Poetry is still part of my life and continues to be a source of inspiration and comfort for me in all seasons of life. Here are a few of my favorite tidbits:

“The deeper that sorrow carves into your being, the more
joy you can contain.
Is not the cup that holds the wine the very cup that was
burned in the potter’s oven?
And is not the lute that soothes your spirit, the very wood
that was hollowed with knives?”
—   Kahlil Gibran

 The way of love is not
a subtle argument.
The door there
is devastation.
Birds make great sky-circles
of their freedom.
How do they learn it?
They fall, and falling,
they’re given wings.”
—   Rumi

“In Heaven the starry saints will wipe away
The tears forever from our eyes, but they
Must not erase the memory of our grief.
In bliss, even there can be no relief.”
 —   Wendell Berry

July Focus: Hope

Although it is easy to focus on the hard stuff, the infertile experience is not without moments of clarity, growth, and hope.
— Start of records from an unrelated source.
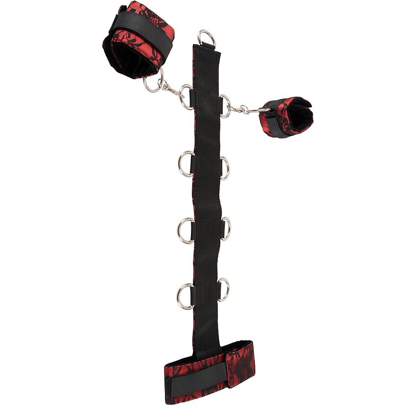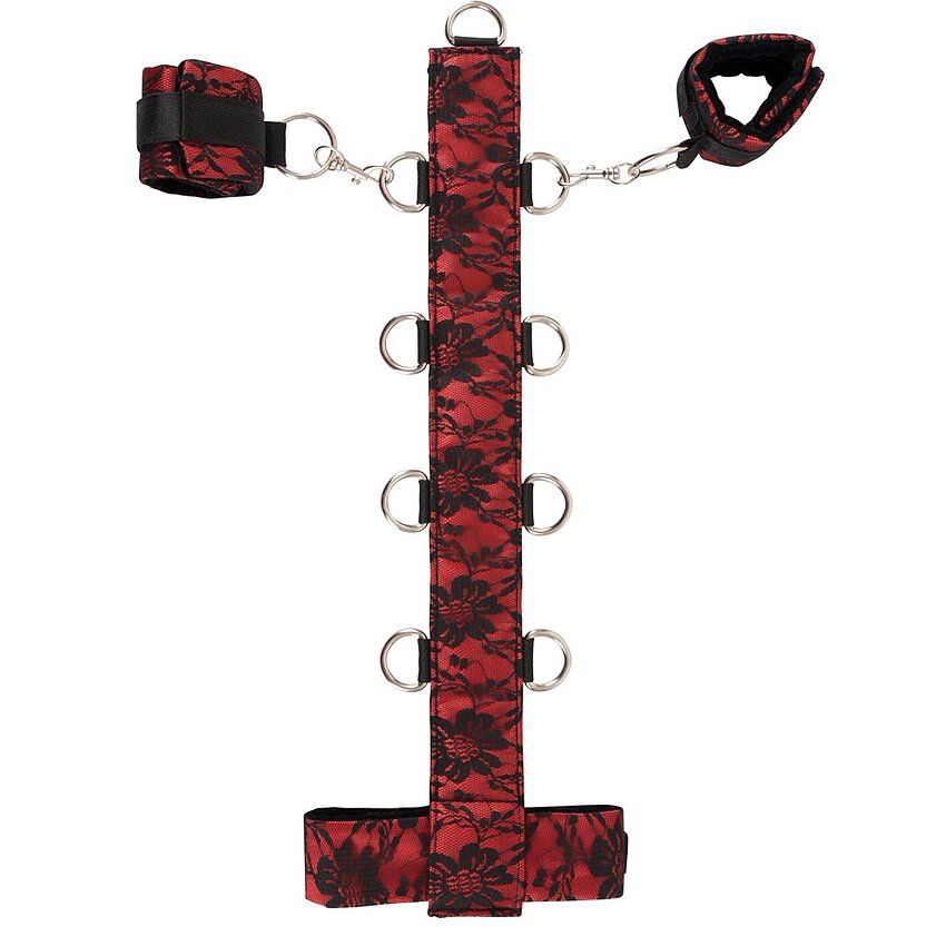 Beneficii și atribute: - Design elegant: satin roșu combinat cu dantelă neagră - Partea interioară din catifea pentru confort la purtare - Prindere reglabilă cu velcro pentru ajustare precisă - Cătușe cu carlige rapide pentru montare/demontare facilă - Material 100% poliester: durabil și fără greutate de întreținut
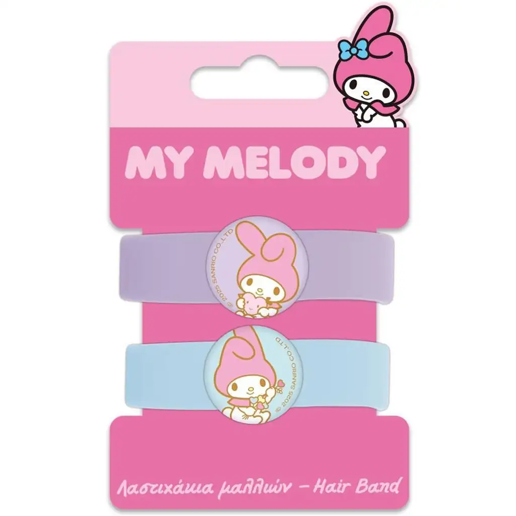 Komplet vsebuje eno pastelno vijolično in eno svetlo modro elastiko za lase, na katerih se v sredini nahaja reliefna figura My Melody. Na vijolični elastiki My Melody objema plišastega medvedka, na svetlo modri različici pa se nasmejano drži šopek rož – obe ustvarjata sproščeno, prijazno vzdušje. Zaradi prožnega in mehkega materiala, prijaznega do las, elastike ne vlečejo laseh, zato jih lahko otroci nosijo udobno ves dan.
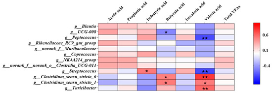 The correlation between the top 12 genera and the concentration of SCFAs content in colon is shown in Figure 5, wherein the bacteria including Turicibacter, Clostridium_sensu_stricto_6, Blautia, UCG-008 Clostridium_sensu_stricto_1, Peptococcus, Coprococcus, NK4A214_group, Streptococcus, Muribaculaceae, Rikenellaceae_RC9_gut_group and Clostridia_UCG-014. Turicibacter and Clostridium_sensu_stricto_6 had a very significant negative correlation with the content of valeric acid (p < 0.01), while Peptococcus and Clostridia_UCG-014 had a very solid positive correlation (p < 0.01).
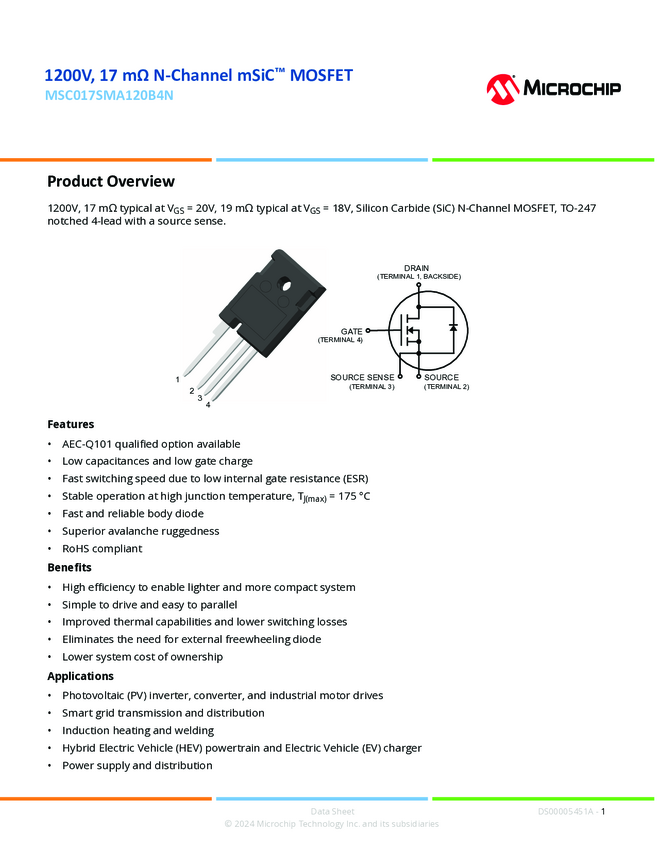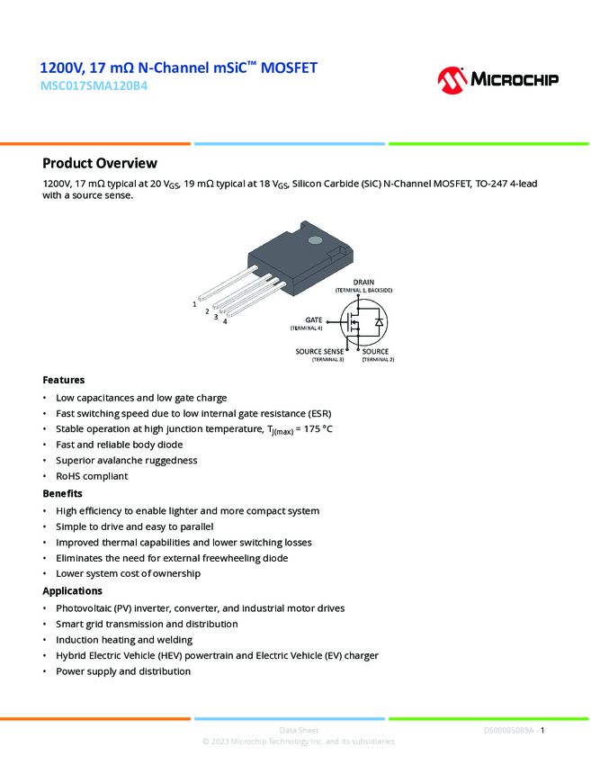 MSC017SMA120B4N 1200V, 17 mOhm mSiC™ MOSFET TO-247-4 Notch Datasheet

It goes without saying that these are as varied and specific as the losses, discouragements, and pains of the journey. Hope has a way of audaciously reaching into impossible moments to soften hardened hearts, open closed eyes, and empower the weary soul.

It is important and powerful, but hope is also a tricky thing to share with someone going through infertility. Although the storyteller’s goal is to uplift the listener, it can often have the opposite effect. Stories of pain, loss, and loneliness lead to connection and understanding, but hope is different–it challenges. It asks us to dare to believe there could be something beyond the mire in which we trudge; that there could be something good, and that it could be for us. One slogs rather than travels through infertility; the length and shape of the road is different for everyone. Sharing moments of hope can be a reminder that light exists out there, somewhere, but often, we must have our own experiences with hope if we are to be changed by it. 

This month, we are focusing on hope at Re-Storied. These stories are personal reflections about times when light broke into darkness, if only for a brief moment. Perhaps these stories will serve as a reminder to you of the unending cycle of death and new life (the daily rising of the sun, the turn of the seasons) that is present in us as it is in the rest of the natural world. Our hope for you is that you will be encouraged by these stories–that they will refresh your memory of past hopeful experiences, or bolster your spirit until your own moment in the light arrives.

“Hope begins in the dark, the stubborn hope that if you just show up and try to do the right thing, the dawn will come. You wait and watch and work: you don’t give up.”